Il Mammatologo è un manuale ironico per mamme “sull’orlo di una crisi di nervi”. L’arrivo di un figlio in una famiglia ne cambia le abitudini e gli equilibri e in alcuni casi li sconvolge del tutto; le mamme diventano ansiogene, hanno poco tempo per se stesse e per continuare a coltivare il rapporto con il proprio partner. Da li è facile pensare a quanto breve sia il passo verso i sensi di colpa.
Il Mammatologo quindi viene in aiuto alle mamme consapevoli (e non!) per smettere con le paranoie e trasformarsi in mamme zen.

A chi è rivolto il progetto?
A tutte le mamme, soprattutto a quelle stanche dei noiosi manuali per neo mamme che però sono così distanti e distaccati da far sentire le mamme inadeguate. Alle mamme che si imbarazzano ad ammettere le proprie difficoltà e che non hanno il coraggio di chiedere un aiuto esterno.
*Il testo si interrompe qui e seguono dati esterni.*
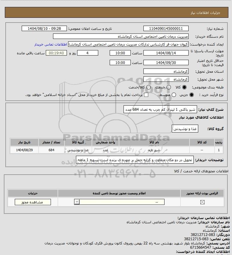 شرح کلی نیاز: شیر پاکتی 1 لیتری کم چرب به تعداد 684 عدد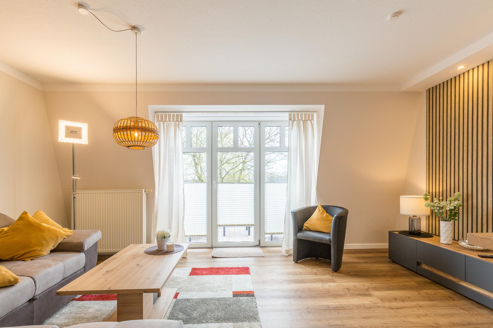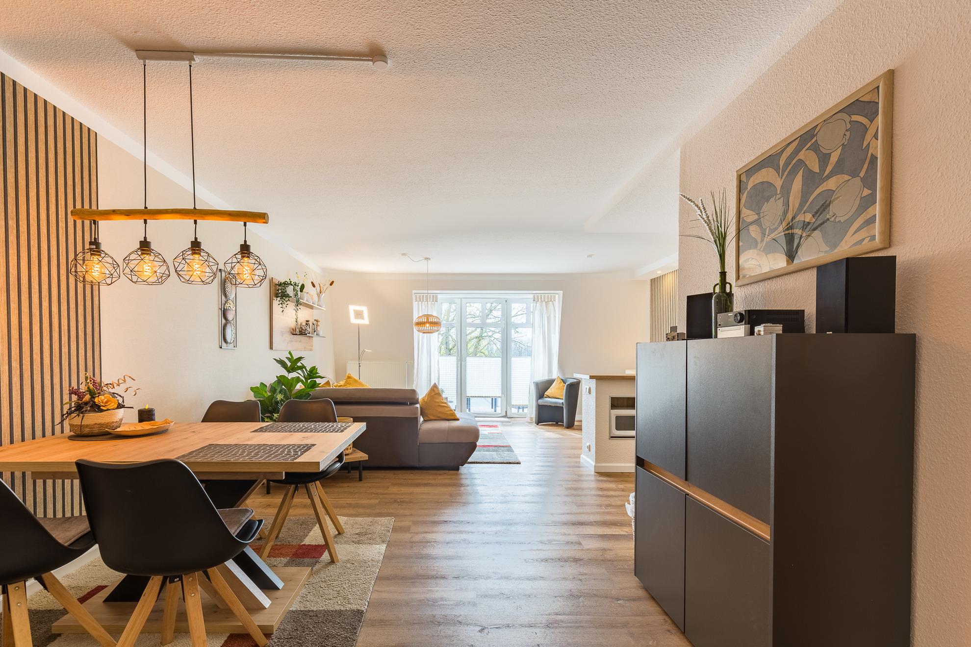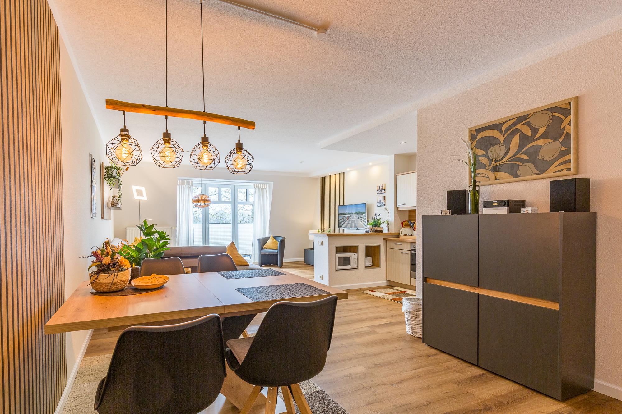 Diese geräumige 2-Raum Wohnung im 2. Obergeschoss befindet sich im Zentrum von Boltenhagen und ist nur etwa 50 m vom Strand entfernt. Sie bietet mit einem Schlafzimmer mit Boxspringbett (durchgehender Topper Größe180x200cm) und einer bequemen Schlafcouch Platz für bis zu 3 Personen.

Alle mamme che scelgono di essere oneste con loro stesse e ammettono tutta la fatica che l’essere genitore comporta.

Da quale spinta nasce l’idea?
L’idea viene da Cyril Bernard che ha immaginato un libro che ponesse le classiche questioni a cui una mamma, almeno una volta, si è approcciata: “Mi paragono alle altre mamme”, “Mio figlio non dorme e sono stanca”, “Non ho voglia di socializzare con le altre mamme”, etc. La chiave di lettura è ludica e allo stesso tempo didattica.

Chi sono i protagonisti? Due parole su ognuno.
Sono quattro le figure cardine del progetto Il Mammatologo. Cyril Bernard è affiancato dalla psicologa Valentina Mossa, dall’illustratrice Giorgia Gariglio e da me, Lucia Falbo, la mamma-scrittrice del gruppo.

Il manuale presenta 30 tematiche: quali sono e quale ti sta più a cuore?
Le tematiche riguardano tutte quelle problematiche che ogni mamma ha dovuto affrontare almeno una volta durante il proprio percorso: la mancanza di tempo per se stesse, le difficoltà dell’allattamento, la stanchezza, il peso delle responsabilità… Se dovessi sceglierne alcune, quelle che mi stanno più a cuore probabilmente sono “Mio figlio non dorme e sono stanca” e “Mi vergogno quando fa i capricci in pubblico”. In ogni “Sfogo di mamma” ho messo un po’ della mia esperienza personale, e questi forse sono stati due dei momenti che come mamma mi hanno messo maggiormente in difficoltà, quindi mi fa piacere che siano stati inseriti nel libro e che altre mamme come me possano leggere i preziosi consigli della nostra psicologa Valentina Mossa per superarli al meglio.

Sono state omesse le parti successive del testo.